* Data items
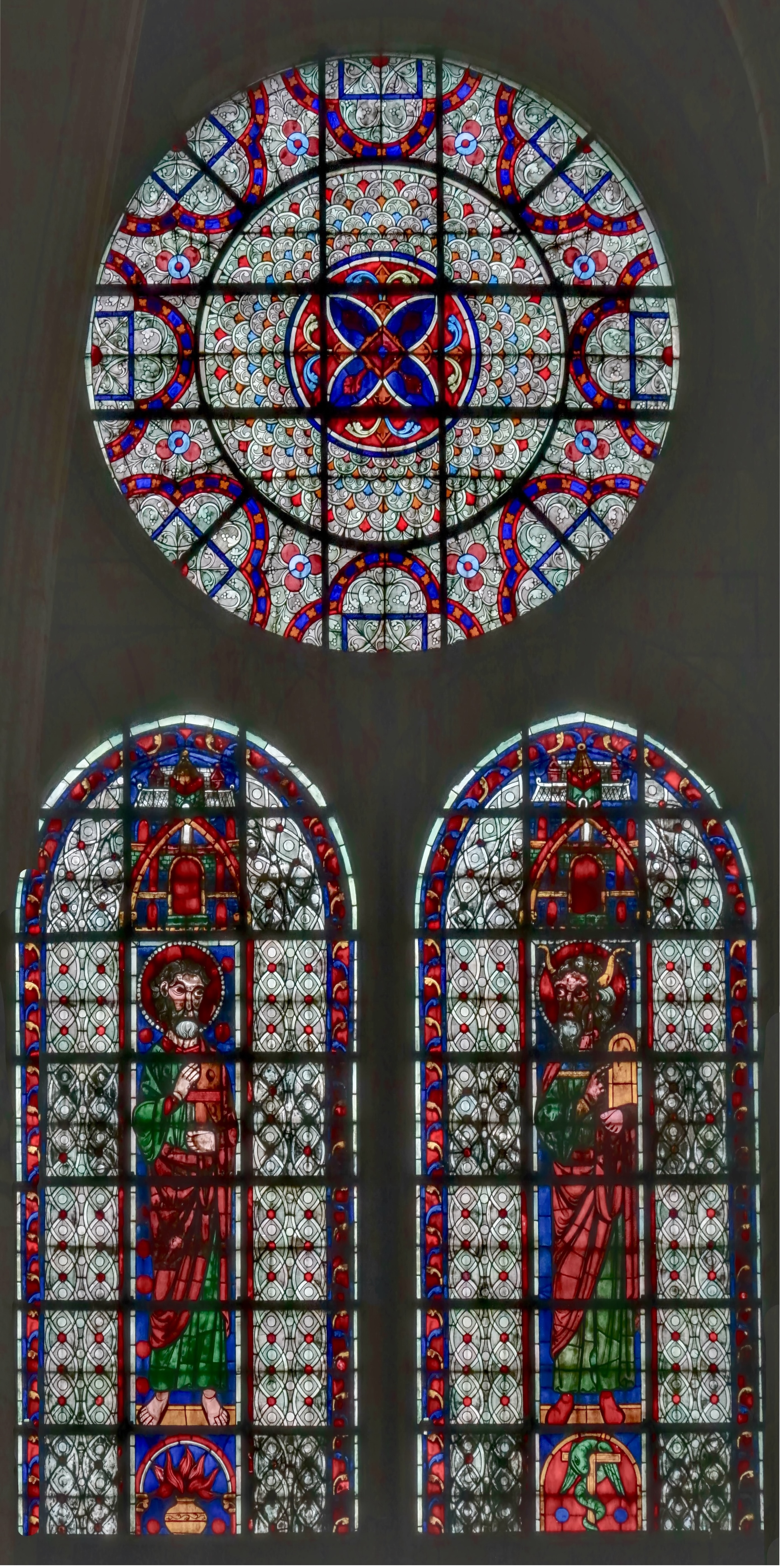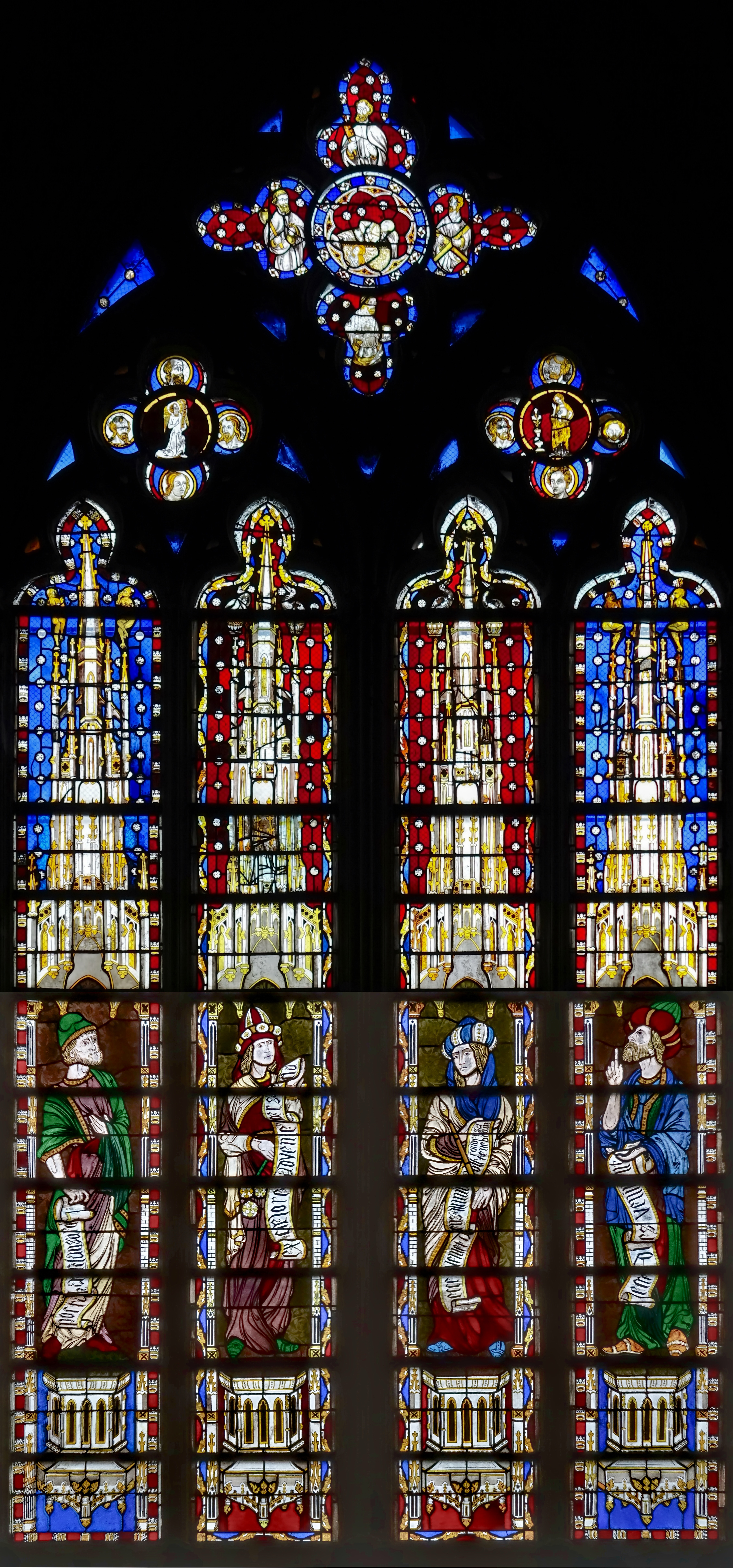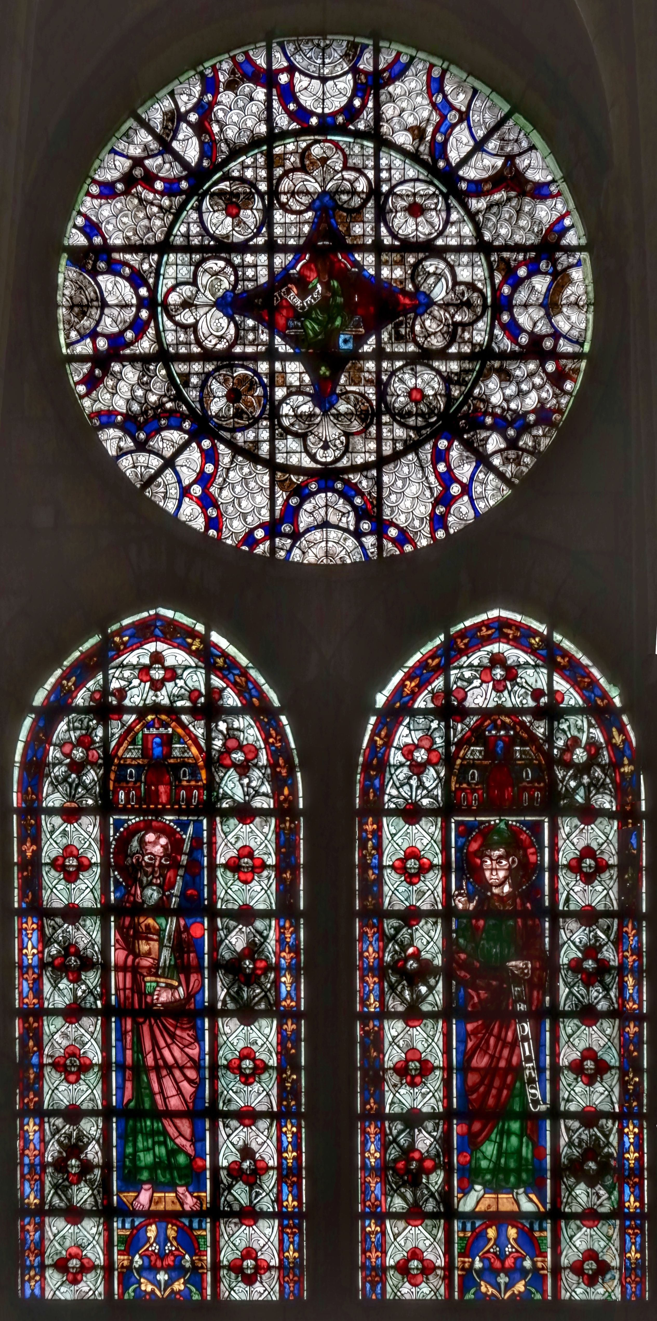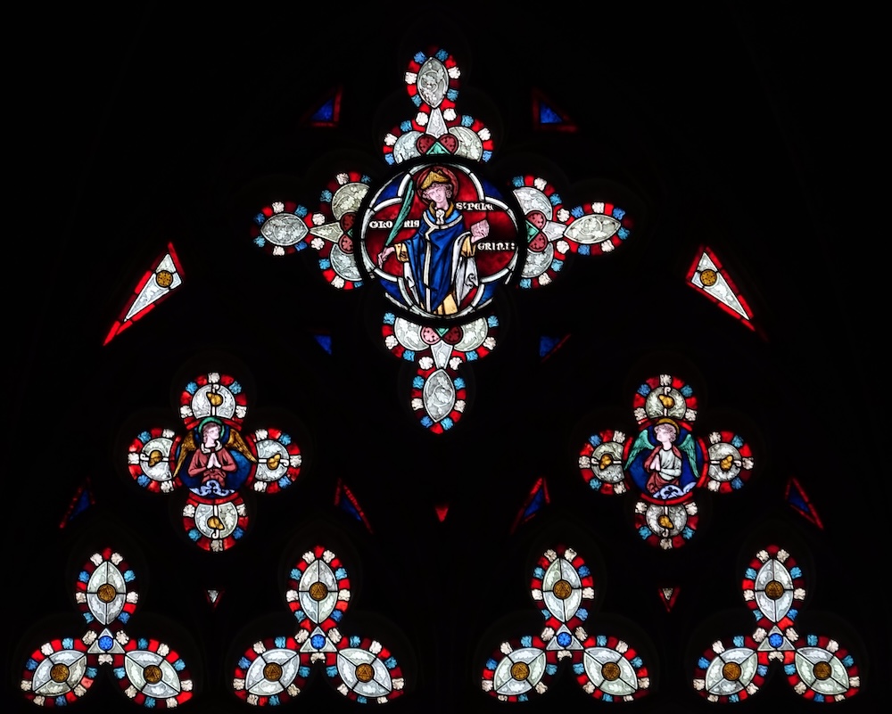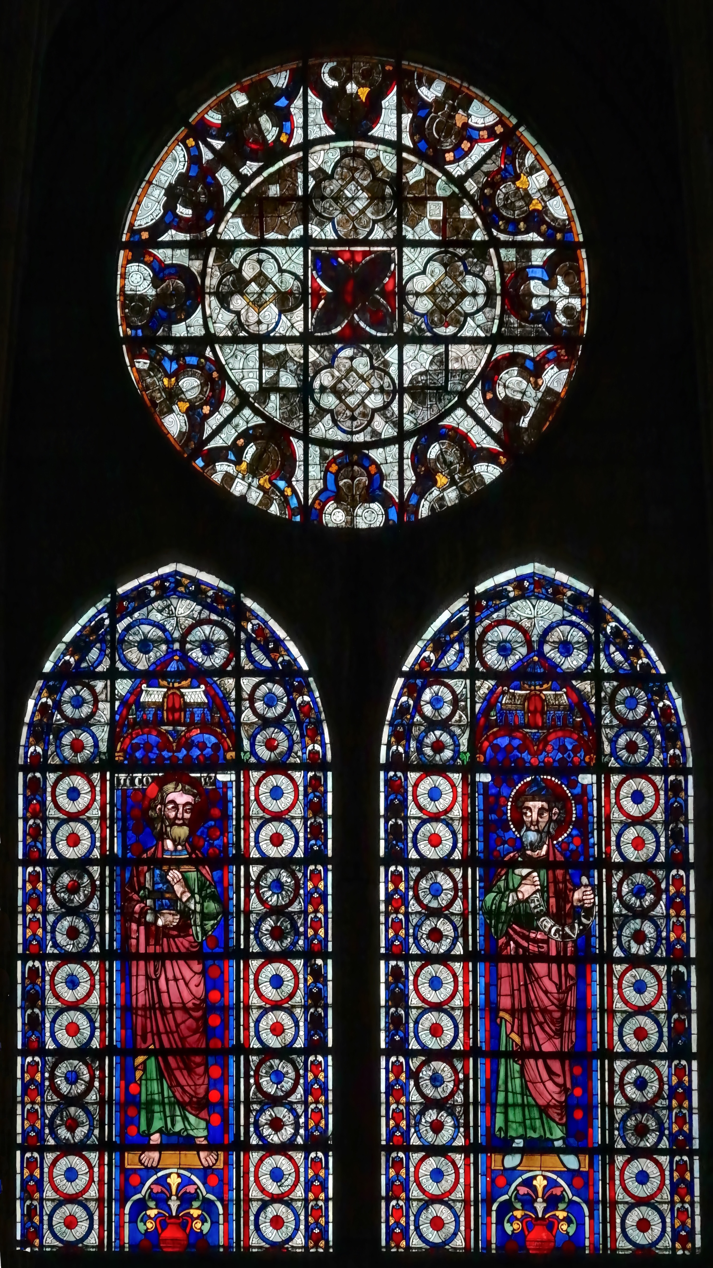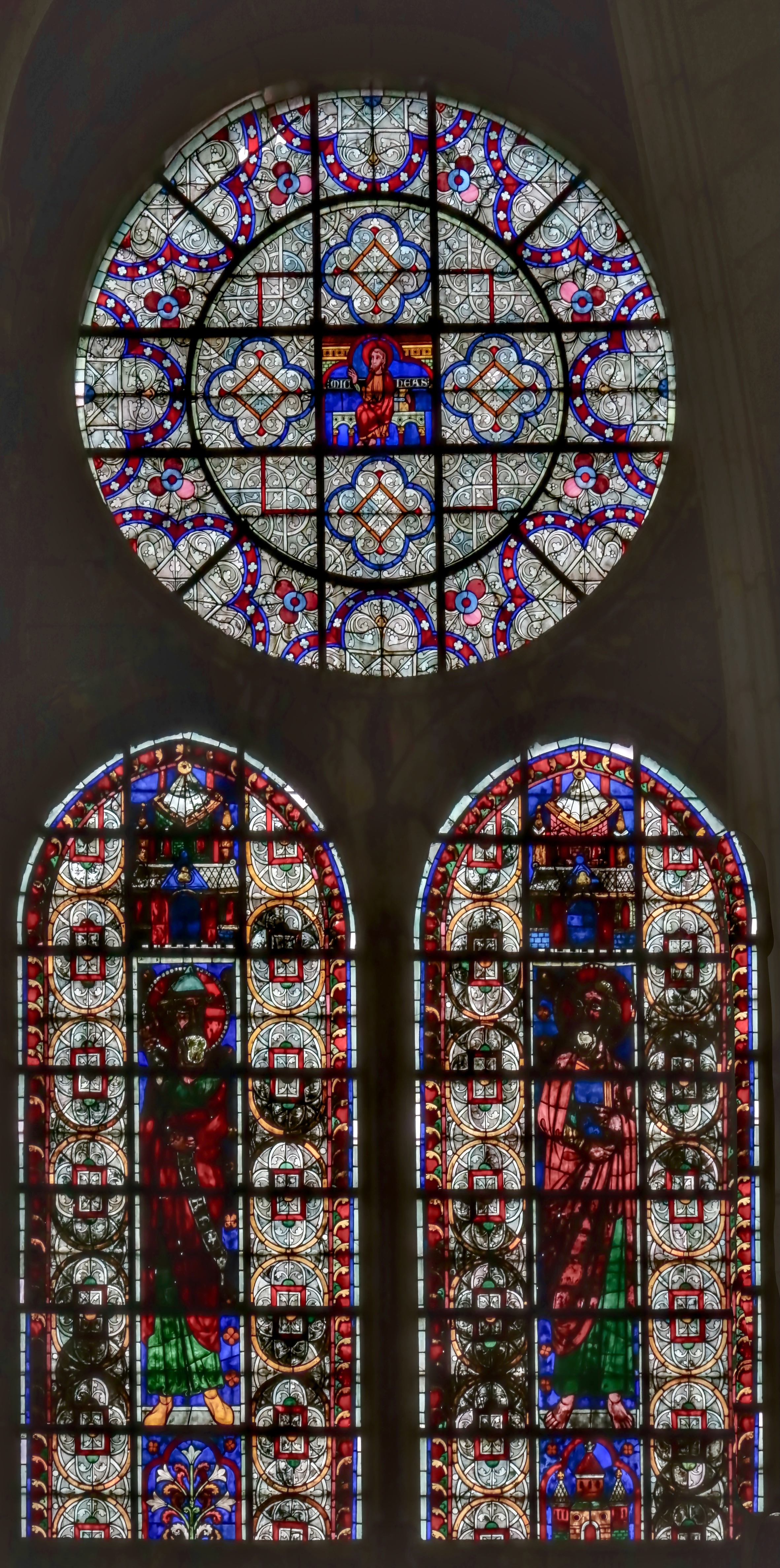 Les hautes baies du chœur renferment des vitraux du 13e siècle. On y voit des apôtres, des prophètes, des saints, et, dans les rosaces des deux baies voisines de la baie centrale, la représentation, à gauche, des Vertus et des Vices, à droite, des Arts libéraux.
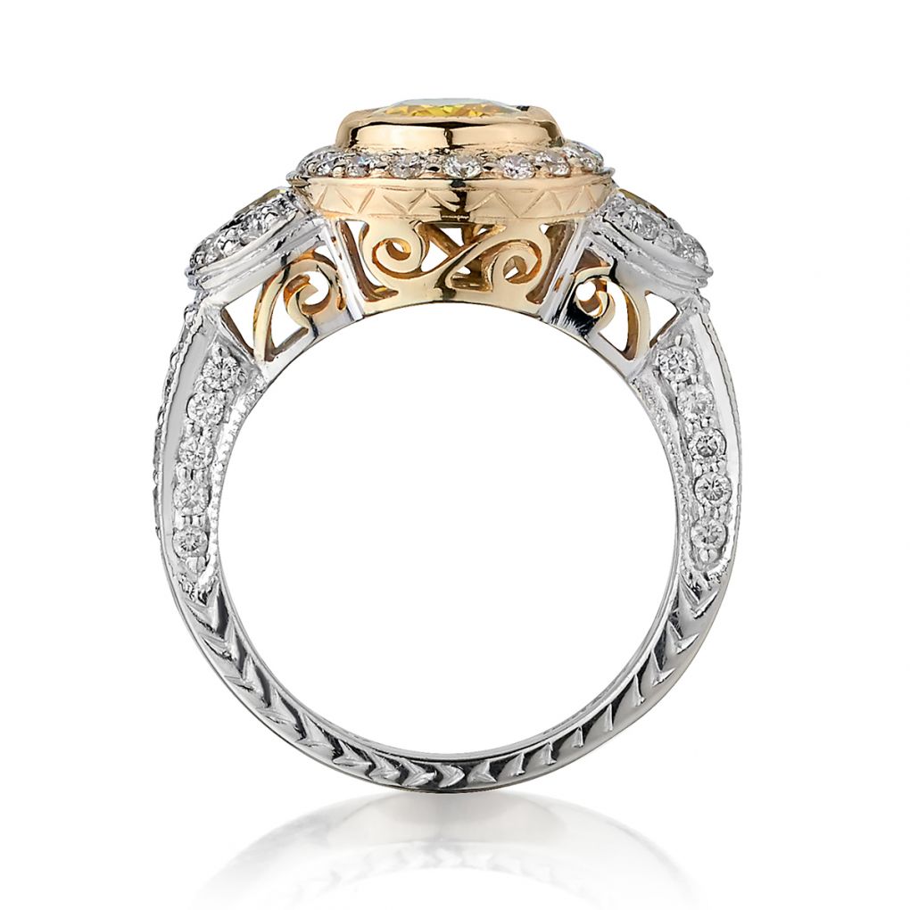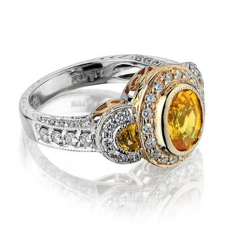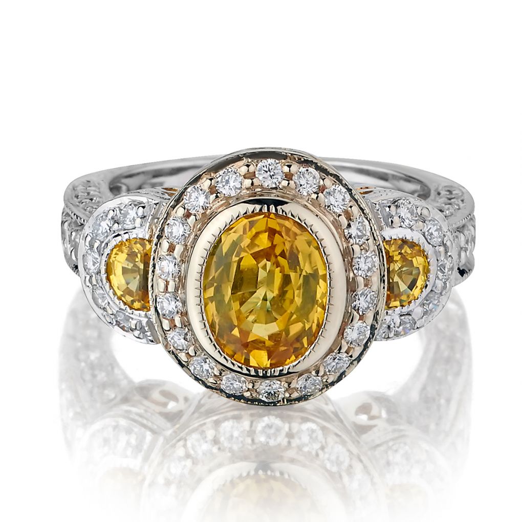 • 14KT White Gold Yellow Sapphire And Diamond Halo-Set Three Stone Ring
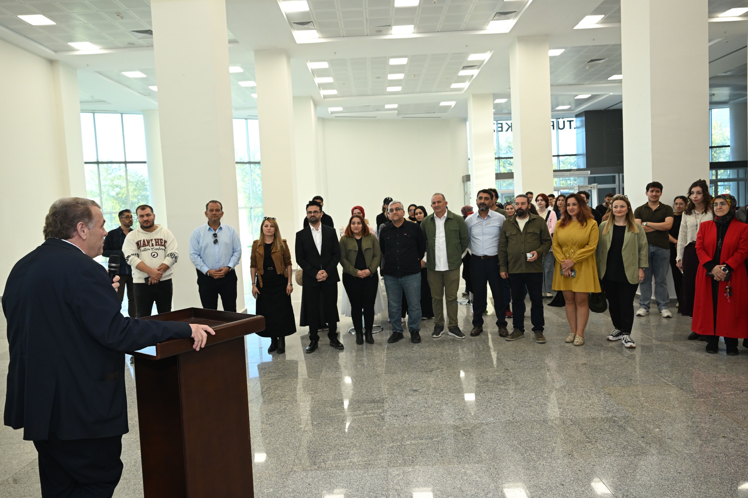Açılışta konuşan Prof. Dr. Akıncı, “Dönemin ilk sergi açılışını gerçekleştirmenin mutluluğunu yaşıyoruz. Emeği geçen herkese ve kıymetli hocamız Dr. Öğr. Üyesi Nazif Gür’e teşekkür ediyorum.” dedi.
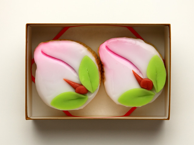 長崎の縁起物のお菓子。甘さが程よいと好評の梅月堂の桃カステラ。
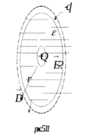 ораль: когда мы решали такую проблему для пустоты, напряжённость поля равнялась, когда шар поместили в диэлектрик, напряжённость поля в раз меньше, чем в пустоте. Легко понять, почему это получается. Когда заряд помещают в диэлектрик, то за счёт поляризации диэлектрика заряд +Q обволакивается отрицательным зарядом -q’, который выступает на поверхности шара.
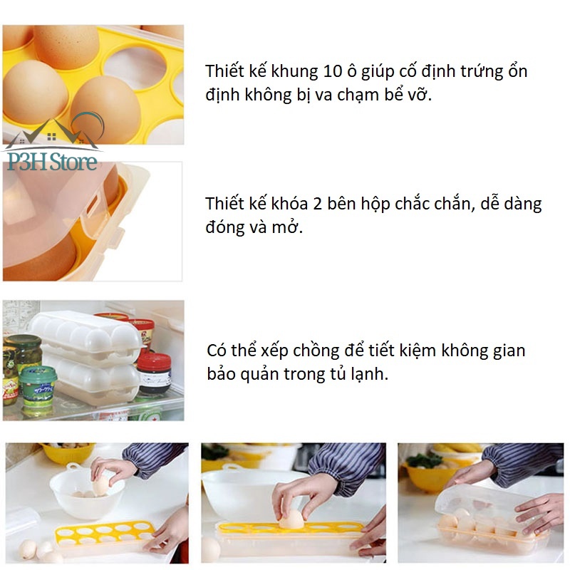 - Chất liệu: nhựa PP. Hộp có nắp đậy giúp bảo vệ trứng, vừa có thể xếp chồng các khay lên nhau tiết kiệm diện tích.
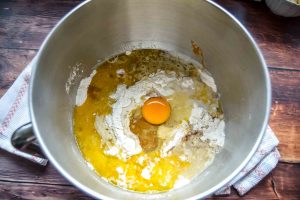 verteile das Wasser zu gleichen Teilen in einer kleinen Schale und verrühre in der einen das Hirschhornsalz und in der anderen die Pottasche. Wundere dich nicht, das Hirschhornsalz riecht etwas beim Auflösen. Dies ist ein Zeichen, dass es frisch ist und einen guten Backtrieb hat. Gebe das Ei zum Teig und das Pfefferkuchengewürz und die Flüssigkeiten mit dem Backtriebmittel mit dem Teig. Da der Teig recht zäh ist, solltest du ihn am besten mit der Küchenmaschine rühren. Wenn der Teig sich vom Knetharken oder deinen Fingern gut löst, ist er fertig. Decke den fertigen Teig mit einem Tuch ab und lasse den Pfefferkuchenteig 3 Stunden bei Zimmertemperatur ruhen.
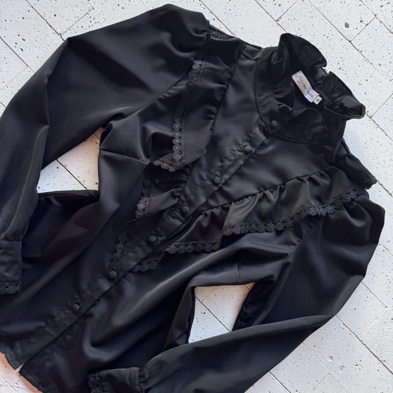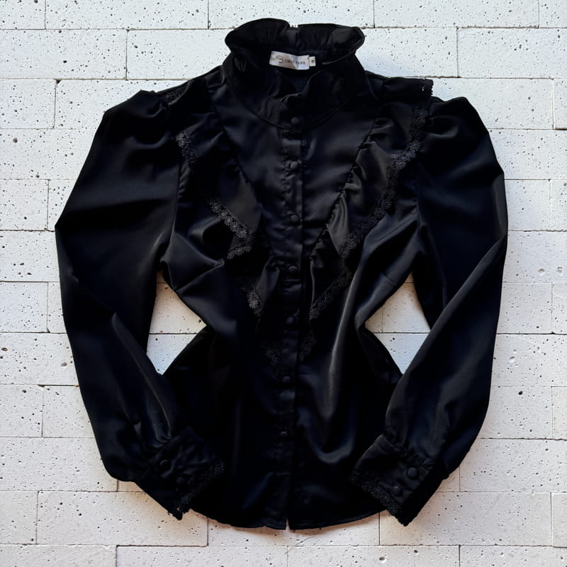 CAMISA FEMININA CREPE BABADOS COM GRIPIER LUXO PRETA
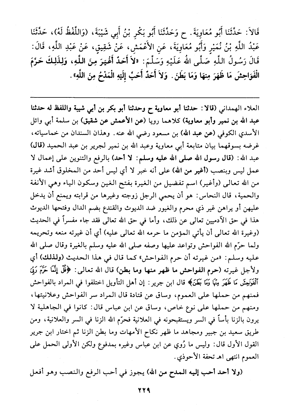 قَالَا: حَدَّثَنَا أَبُو مُعَاوِيةَ. ح وَحَدَّثَنَا أَبُو بَكْرِ بْنُ أَبِي شَيبَةَ، (وَاللَّفْظُ لَهُ)، حَدَّثَنَا عَبْدُ اللهِ بْنُ نُمَيْرٍ وَأَبُو مُعَاوَيةَ، عَنِ الأَعْمَشِ، عَنْ شَقِيقٍ، عَنْ عَبْدِ اللهِ، قَالَ: قَالَ رَسُولُ اللهِ صَلَّى الله عَلَيْهِ وَسَلَّمَ: "لَا أَحَدٌ أَغْيَرَ مِنَ اللهِ، وَلِذَلِكَ حَرَّمَ الْفَوَاحِشَ مَا ظَهَرَ مِنهَا وَمَا بَطَنَ. وَلَا أحدٌ أَحَبَّ إِلَيهِ الْمَدْحُ مِنَ اللهِ"

* Action item
The reply should hold the entries above from the line with "Three Stone Ring" to the line with "- Chất liệu: nhựa", duplicated exactly, pictures excluded.

* Result of this exercise
 • 14KT White Gold Yellow Sapphire And Diamond Halo-Set Three Stone Ring
Açılışta konuşan Prof. Dr. Akıncı, “Dönemin ilk sergi açılışını gerçekleştirmenin mutluluğunu yaşıyoruz. Emeği geçen herkese ve kıymetli hocamız Dr. Öğr. Üyesi Nazif Gür’e teşekkür ediyorum.” dedi.
 長崎の縁起物のお菓子。甘さが程よいと好評の梅月堂の桃カステラ。
 ораль: когда мы решали такую проблему для пустоты, напряжённость поля равнялась, когда шар поместили в диэлектрик, напряжённость поля в раз меньше, чем в пустоте. Легко понять, почему это получается. Когда заряд помещают в диэлектрик, то за счёт поляризации диэлектрика заряд +Q обволакивается отрицательным зарядом -q’, который выступает на поверхности шара.
 - Chất liệu: nhựa PP. Hộp có nắp đậy giúp bảo vệ trứng, vừa có thể xếp chồng các khay lên nhau tiết kiệm diện tích.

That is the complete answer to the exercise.